:: Exercise directions ::
In the data below, set down exactly the lines from the one containing "नोहर अनाज मंडी" up to and including the one containing "Record. | |||||". Leave the pictures out.

:: Entries provided ::
★ ★ ★ ★ ★
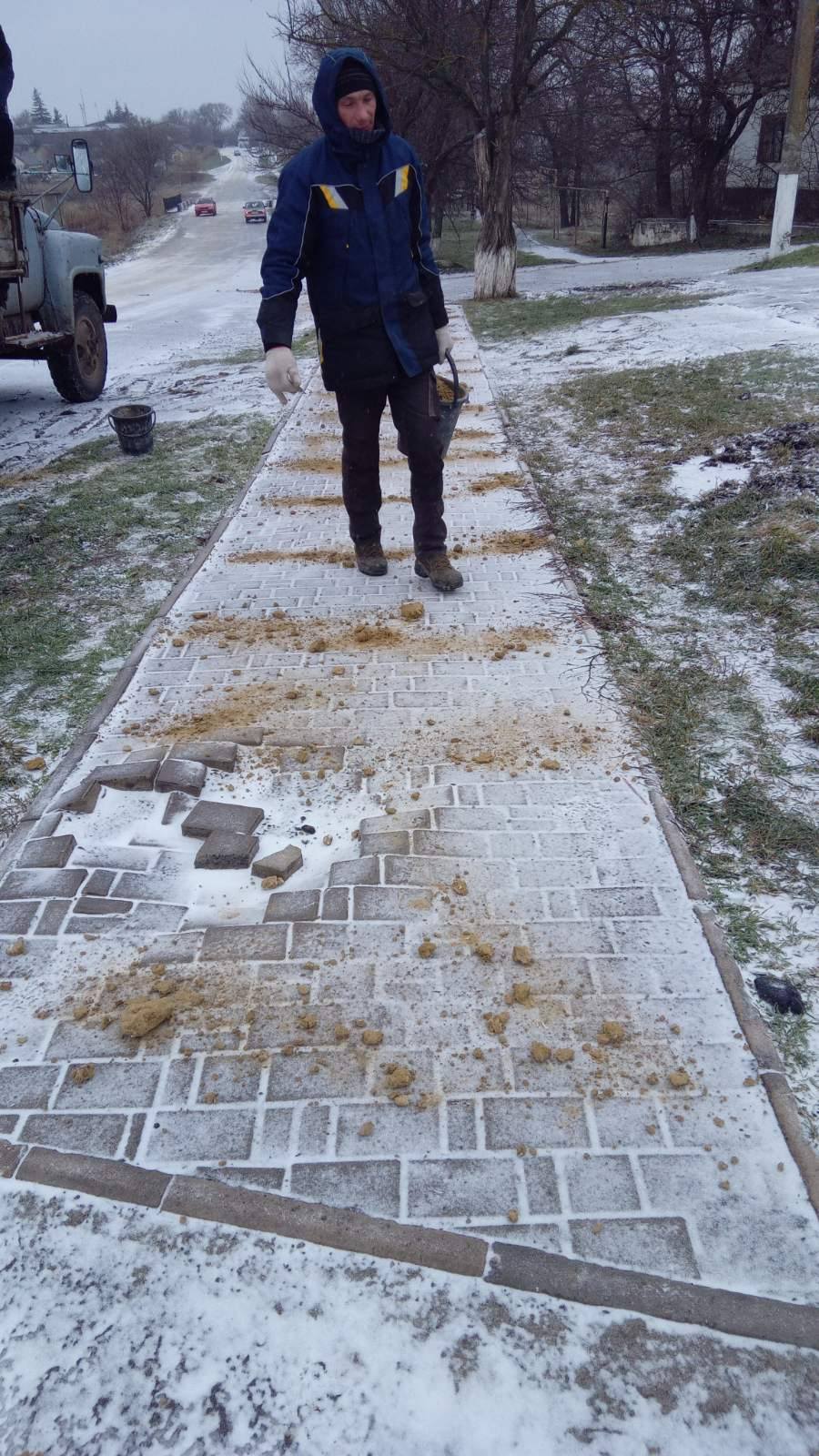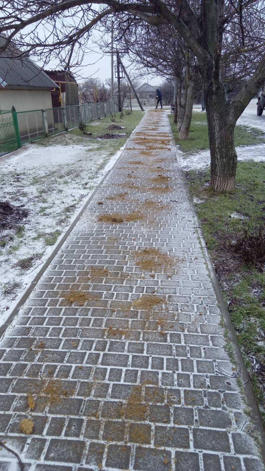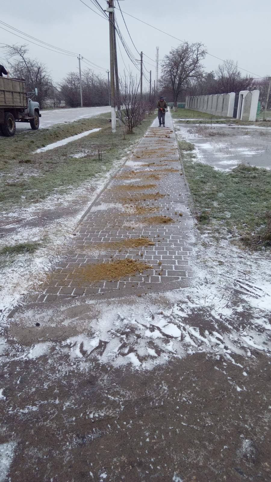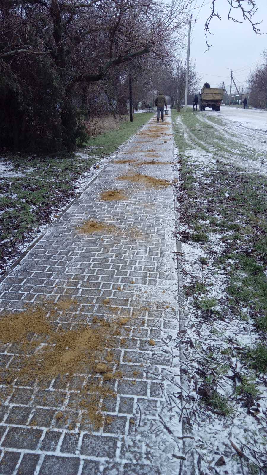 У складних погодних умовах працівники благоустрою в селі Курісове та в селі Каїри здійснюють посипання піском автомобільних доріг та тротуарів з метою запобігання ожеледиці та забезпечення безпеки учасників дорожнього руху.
★ ★ ★ ★ ★
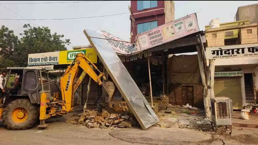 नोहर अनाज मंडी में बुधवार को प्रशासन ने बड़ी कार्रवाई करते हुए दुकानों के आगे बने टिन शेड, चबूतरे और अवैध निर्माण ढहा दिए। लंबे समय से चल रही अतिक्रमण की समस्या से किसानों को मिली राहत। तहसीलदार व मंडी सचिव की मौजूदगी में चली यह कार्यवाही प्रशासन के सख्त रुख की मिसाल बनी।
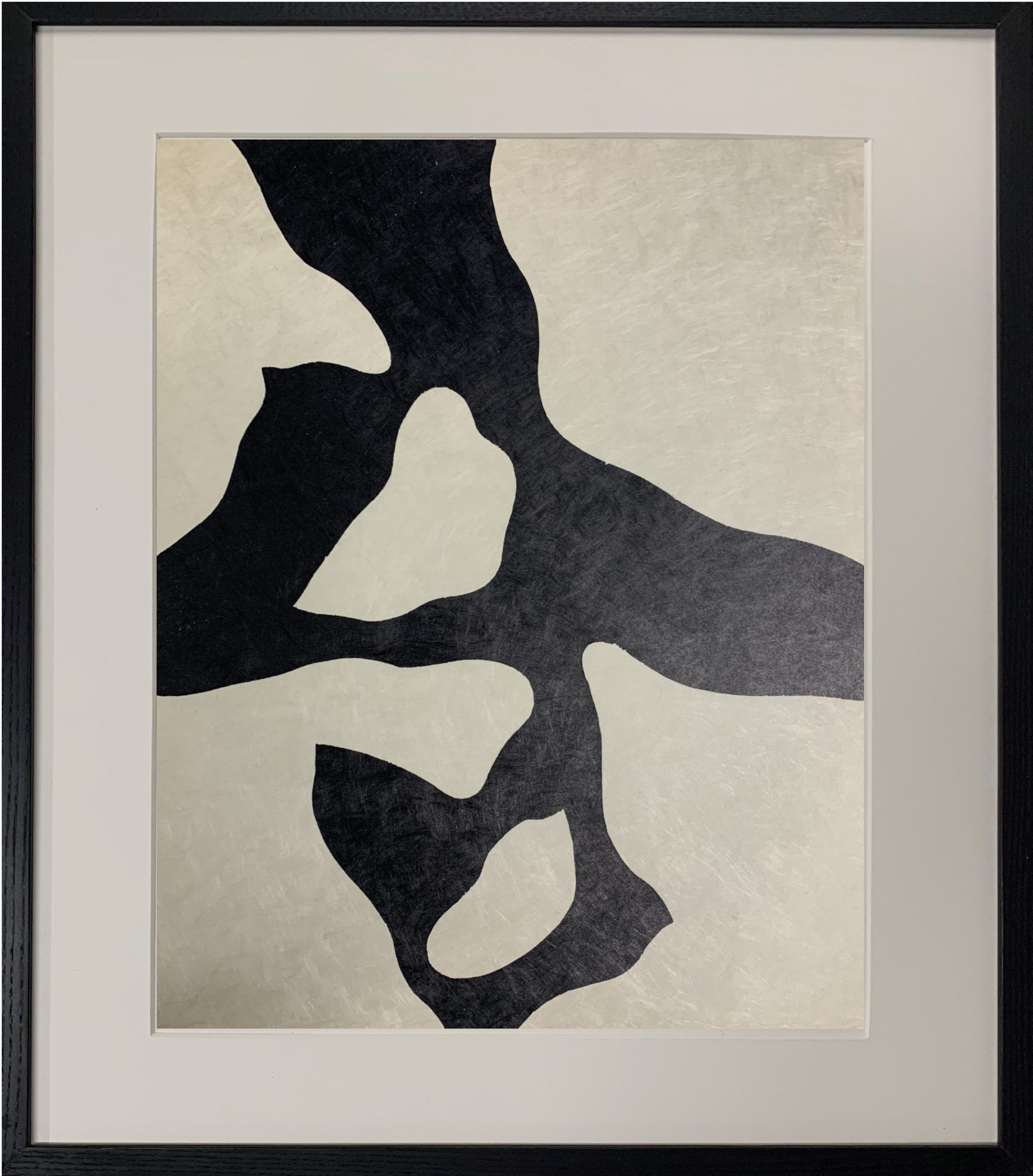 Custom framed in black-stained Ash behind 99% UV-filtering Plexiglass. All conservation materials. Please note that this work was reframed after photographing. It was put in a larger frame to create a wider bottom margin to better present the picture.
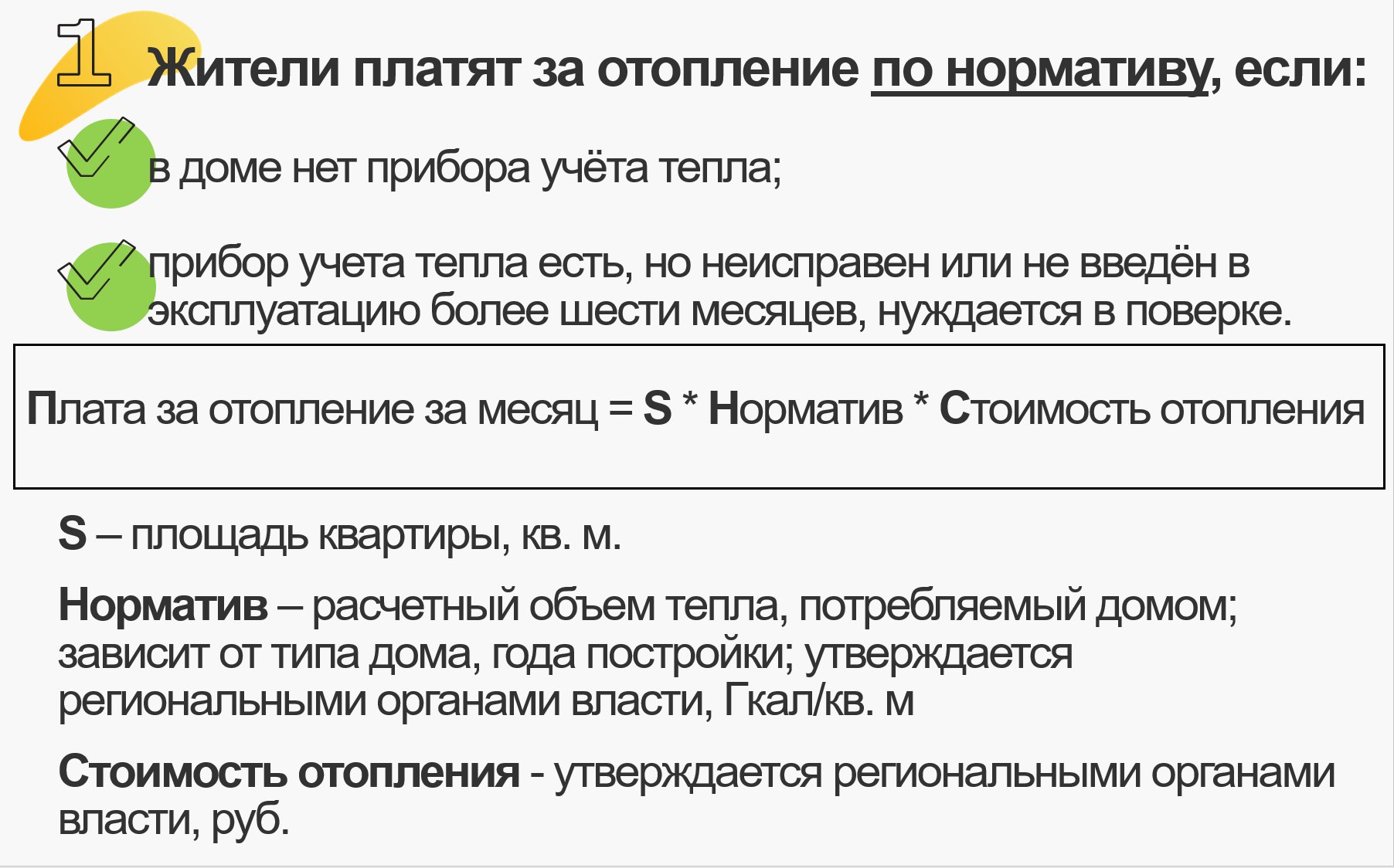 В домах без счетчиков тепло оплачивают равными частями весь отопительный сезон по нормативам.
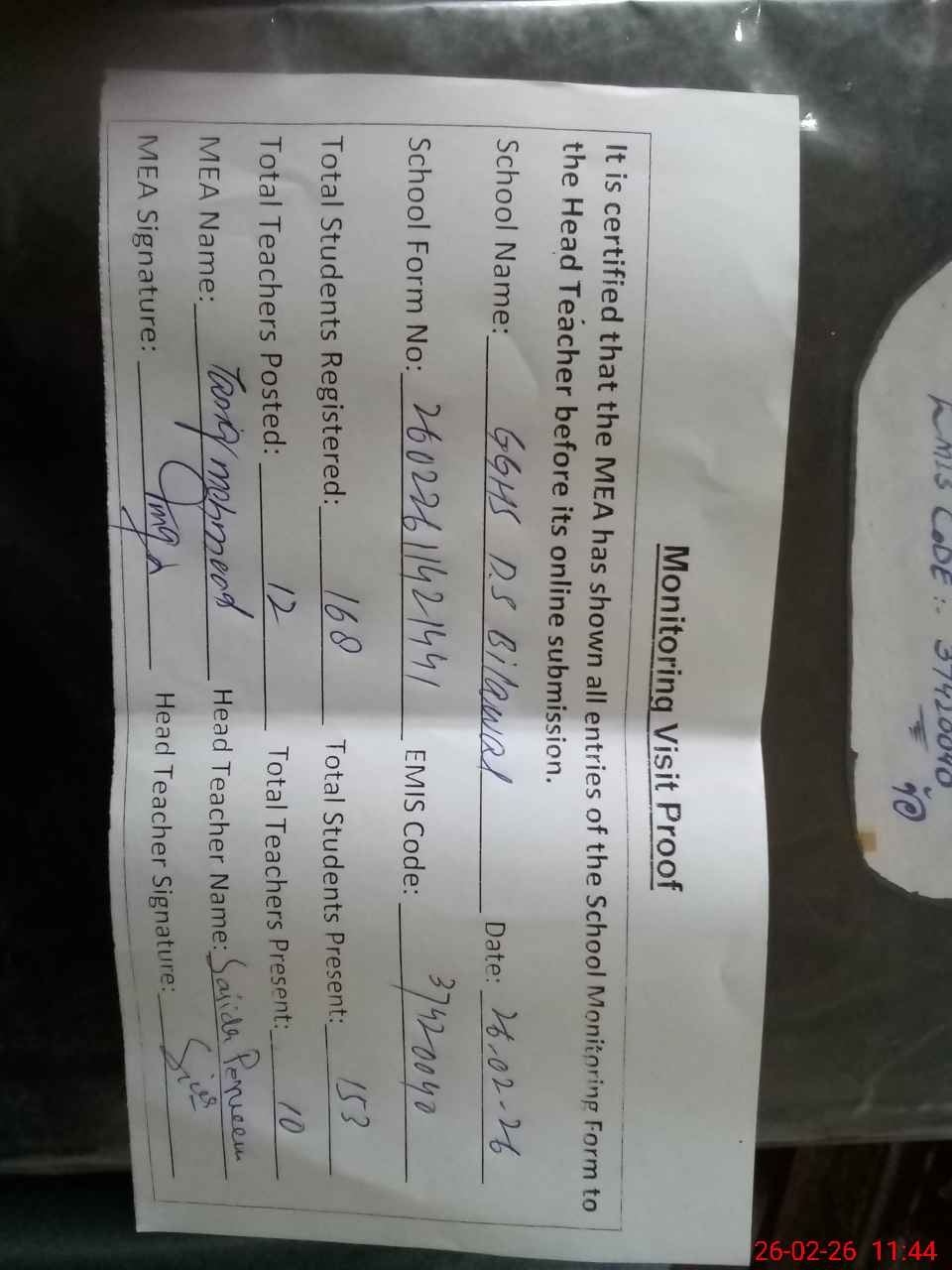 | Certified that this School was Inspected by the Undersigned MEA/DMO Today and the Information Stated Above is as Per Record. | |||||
★ ★ ★ ★ ★
:: Answer area ::
 नोहर अनाज मंडी में बुधवार को प्रशासन ने बड़ी कार्रवाई करते हुए दुकानों के आगे बने टिन शेड, चबूतरे और अवैध निर्माण ढहा दिए। लंबे समय से चल रही अतिक्रमण की समस्या से किसानों को मिली राहत। तहसीलदार व मंडी सचिव की मौजूदगी में चली यह कार्यवाही प्रशासन के सख्त रुख की मिसाल बनी।
 Custom framed in black-stained Ash behind 99% UV-filtering Plexiglass. All conservation materials. Please note that this work was reframed after photographing. It was put in a larger frame to create a wider bottom margin to better present the picture.
 В домах без счетчиков тепло оплачивают равными частями весь отопительный сезон по нормативам.
 | Certified that this School was Inspected by the Undersigned MEA/DMO Today and the Information Stated Above is as Per Record. | |||||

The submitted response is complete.